SOURCE DATA:
|---|

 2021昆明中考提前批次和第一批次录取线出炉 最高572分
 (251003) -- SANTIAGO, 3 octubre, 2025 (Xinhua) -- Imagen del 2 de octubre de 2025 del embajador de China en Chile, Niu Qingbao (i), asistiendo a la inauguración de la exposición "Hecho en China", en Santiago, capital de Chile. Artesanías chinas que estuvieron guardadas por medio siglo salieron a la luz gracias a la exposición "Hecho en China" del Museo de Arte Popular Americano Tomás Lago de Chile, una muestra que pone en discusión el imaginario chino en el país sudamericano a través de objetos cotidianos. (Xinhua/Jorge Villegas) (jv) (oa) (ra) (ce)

|---|

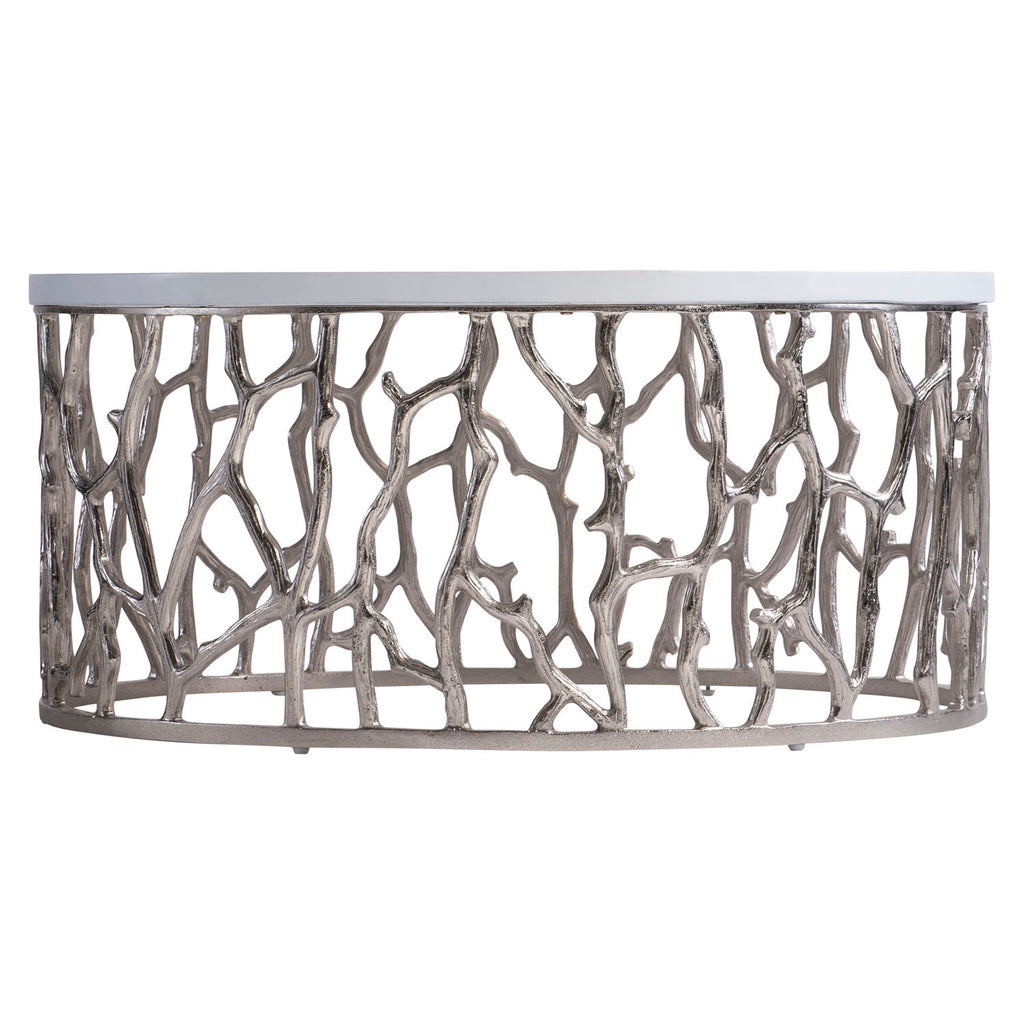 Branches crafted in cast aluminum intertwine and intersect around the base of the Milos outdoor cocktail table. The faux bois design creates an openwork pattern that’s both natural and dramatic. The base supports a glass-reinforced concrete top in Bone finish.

|---|

EXERCISE BRIEF: Please return only the lines above, starting at the line that has "2021昆明中考提前批次和第一批次录取线出炉 最高572分" and ending at the line that has "(251003) -- SANTIAGO, 3", keeping both and leaving each one unchanged.

ANSWER TO THIS TASK:
 2021昆明中考提前批次和第一批次录取线出炉 最高572分
 (251003) -- SANTIAGO, 3 octubre, 2025 (Xinhua) -- Imagen del 2 de octubre de 2025 del embajador de China en Chile, Niu Qingbao (i), asistiendo a la inauguración de la exposición "Hecho en China", en Santiago, capital de Chile. Artesanías chinas que estuvieron guardadas por medio siglo salieron a la luz gracias a la exposición "Hecho en China" del Museo de Arte Popular Americano Tomás Lago de Chile, una muestra que pone en discusión el imaginario chino en el país sudamericano a través de objetos cotidianos. (Xinhua/Jorge Villegas) (jv) (oa) (ra) (ce)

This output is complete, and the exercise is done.